Побеседовали… Трах в прах! Омар жалел, что пустился с ним в откровенность. Ведь уже давно научился скрывать своя мысли! А тут – прорвало. От вина, что ли? Нет, не от него.
Не вино делает человека болтуном, дураком или преступником. Оно лишь выявляет в нем того, кто сидит внутри от рождения или воспитания: в наглеце наглеца, в подлеце подлеца. В скромнике – скромника, в умнике – умника. И в злоязычнике – злоязычника…

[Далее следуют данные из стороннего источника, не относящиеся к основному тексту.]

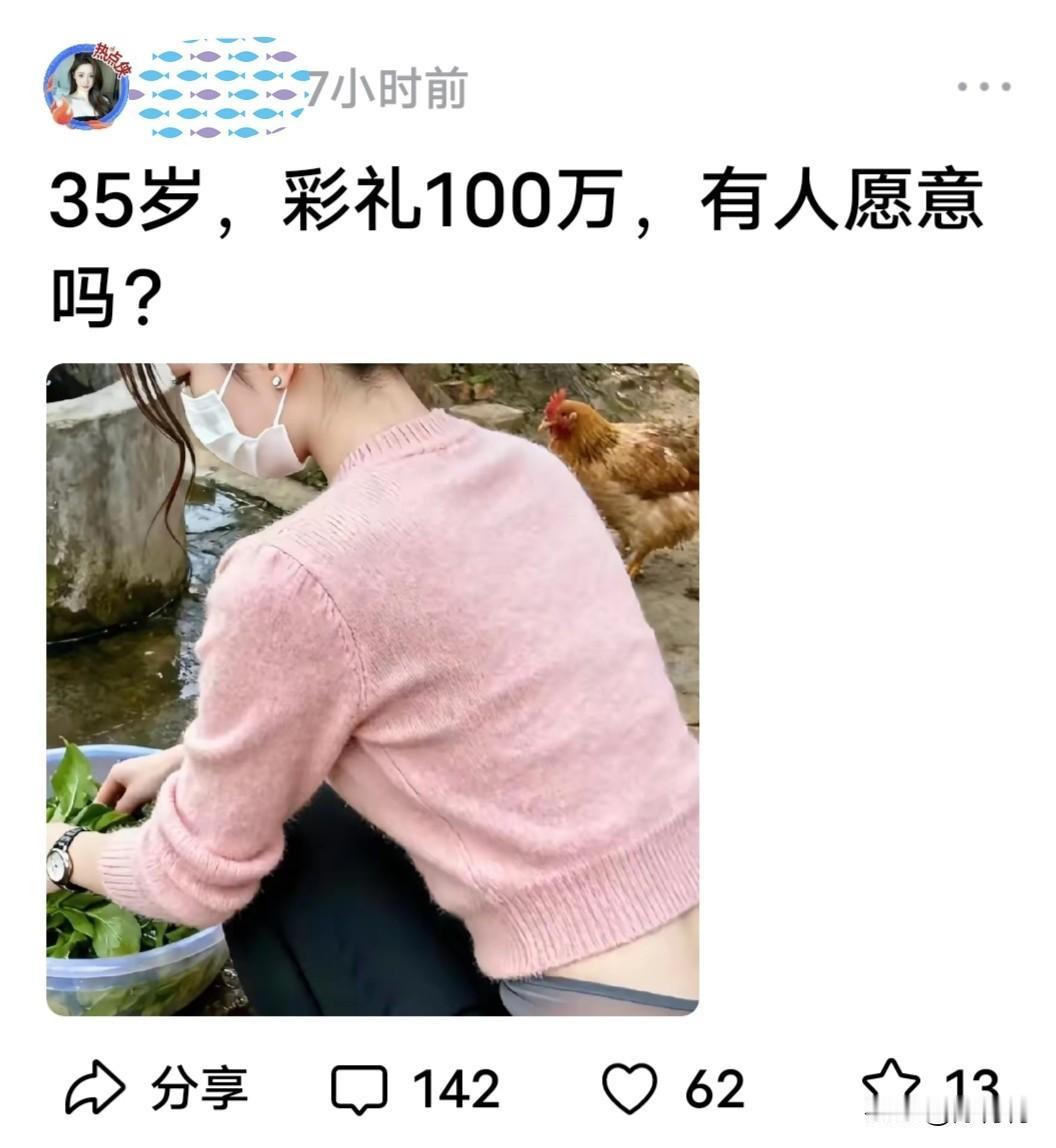 美女寻找老公,条件如下,“35岁,彩礼100万,有人愿意吗?”感情是基础,成功靠缘分。婚姻哪有明码标价的?这样能找到幸福吗? 从镜头看女孩应该是农村的,给人第一眼缘属于美女小姐姐,可惜戴着口罩没能看清楚漂亮脸蛋。 35岁年龄,也是老大不小了,超过谈婚论嫁的地步,如果自身优势不明显,想找到心仪的白马王子,那要费点周折。 起码彩礼要的高,一百万元不是人人都能拿得起,拿得起的可能老板,有钱人谁不找小姑娘? 有网友说,“初恋给了同学,初次给了前男友,初婚给了前老公,压力给接班侠。” “关键是拿出100万的,不一定能够看上她,拿不出的她看不上,这处境有点难啊。” “婚姻是感情方面的事,是心灵碰出的火花,这么明码标价,有火花吗?”大龄女择偶 找对象感悟 女生找对象 找真爱的剩女

«Да-а, неудобный, вредный я человек! И чего я все придираюсь к людям? – корил он себя, возвращаясь домой. – Чего я лезу ко всем с неуместными замечаниями? «Это не так, это не сяк. Зачем, почему?» Чего я бунтую? Бедняге надо жить, и за деньги он готов подать Александра не только в образе святого старичка, но и в виде полногрудой девицы, жрицы богини Астарты, – тем более, что царь в мистериях, посвященных этой сирийской богине, охотно надевал женское платье.
И пусть малюет! Мне-то что? Лишь бы понравилось заказчику.
Но ведь все беды на свете, – скрипнул зубами поэт, – от путаников этих малограмотных! Все перевернут с ног на голову. Это они насаждают в умах людей совершенно превратные представления о мире, о жизни, о событиях. Такого дыму напустят, – дай бог разглядеть, что позади, что впереди. Недолго споткнуться и угодить в яму со змеями.
Уж если берешься за тему, изволь сперва досконально ее изучить. Можешь не знать, сколько стоит горох на базаре. Ходить босой и в отрепьях. Есть черствый хлеб, пить сырую воду. Или вино, шайтан тебя забери, хоть ячменную водку! – но к делу относись добросовестно. Читай, не ленись.
Вот один стихоплет из придворных превозносит в блестящей касыде… аромат мыла. Мол, символ чистоты и прочее. Он, видно, никогда не нюхал его! И знает понаслышке. А мы – нюхали».
У Омара, как и тогда, исказилось лицо. Из ноздрей, казалось, до сих пор не улетучилась вонь мастерской. Он вспомнил, как назло назойливым соседям продал свой старый дом мыловару, расхохотался – и беспечно махнул рукой на все на свете. В том числе и на Сафара-художника с его непохожим на себя Искандером. Бог с вами! Валяйте, честь вам и слава. Все проходит – пройдет и это…
Чем хороша у Фердоуси часть «Шахнамэ» об Искандере? Она хороша своей мыслью о том, что никакая возня, суета, походы, захваты, никакие земные блага, богатство и власть, самые что ни на есть баснословные, не в силах отсрочить назначенный человеку смертный час. Но вряд ли эмир Аргуш это поймет.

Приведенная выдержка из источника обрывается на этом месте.